A 15 minute song inside which an entire GPT model lives. This implementation is an added layer on Henry Zhang's implementation where he converted Andrej Karpathy's implementation of the GPT into a prime number. I took the decimal representation of the prime and converted it into a song. For this I am treating the entire prime number as a string and assigning the most frequent element as "Sa" and the second most frequent element as "Pa" which are the most common notes in Indian classical music. The third most frequent element is assigned as "Sa'" which is Sa of the next octave and to account for the extra 2 notes I have kept one note "Ga'" and "'Ni" and these are the least common elements in this.

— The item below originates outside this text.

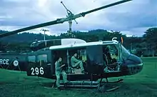 RAAF Iroquois helicopter at Igam Barracks, Lae – topographic surveyors prepared for an early morning sortie to field check preliminary 1:100,000 maps.
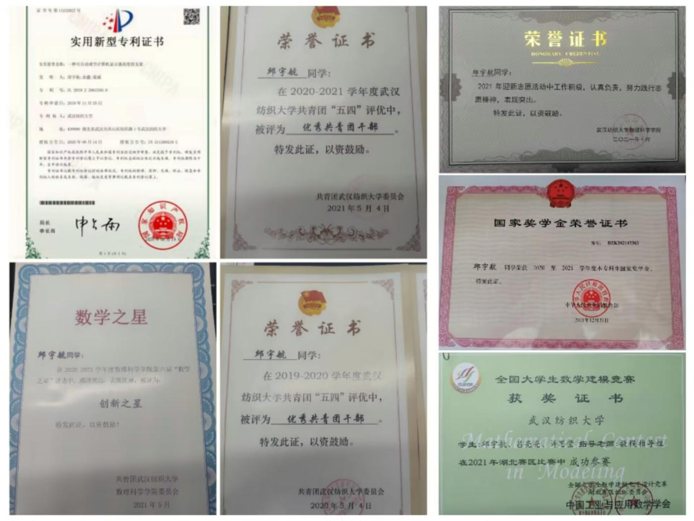 邱宇航,男,汉族,湖北汉川人,中共预备党员。9428cn太阳集团信科11901班班长,校数学建模协会副会长。曾多次获得9428cn太阳集团古天乐“单项积极分子”、“优秀学生干部”、“校三好学生”等荣誉称号,并获得9428cn太阳集团古天乐校国家励志奖学金,攀登奖学金,国家奖学金。曾多次参加美国大学生数学建模竞赛、全国大学生数学建模竞赛,在2019、2020、2021年美国大学生数学建模竞赛中获得S奖。并曾获得2021年溢达杯全国创意大赛校级优秀奖,主持2022 年大学生创新创业训练计划省级立项一项,取得实用新型专利一项。

These notes are taken as semitones from Sa and my Sa in this implementation is the one in harmonium.wav. The semitone for Sa is 0 and for the notes above it's a positive number while for the notes below it is a negative number.
| Note | Digit | Semitones from Sa |
|---|---|---|
| Sa | 3 | 0 |
| Pa | 0 | +7 |
| Sa' | 9 | +12 |
| Re | 2 | +2 |
| Ga | 8 | +4 |
| Ma | 5 | +5 |
| Komal Dha | 4 | +8 |
| Ni | 7 | +11 |
| Ga' | 1 | +16 |
| 'Ni | 6 | -1 |
To go from GPT to this prime, refer to the sections below which are taken as it is from Zhang's readme.
A GPT model that is a prime number.
Yesterday, Kuber Mehta made a post about putting a GPT model inside a QR code.
What's the fun in a QR code?
I trimmed his code down to about 53 lines and made a prime number from it.
This repo contains a 3,000-digit prime whose bytes are a gzip stream that decompresses to a complete, trainable GPT implementation -- in pure Python with zero dependencies.
Hexadecimal (click to expand)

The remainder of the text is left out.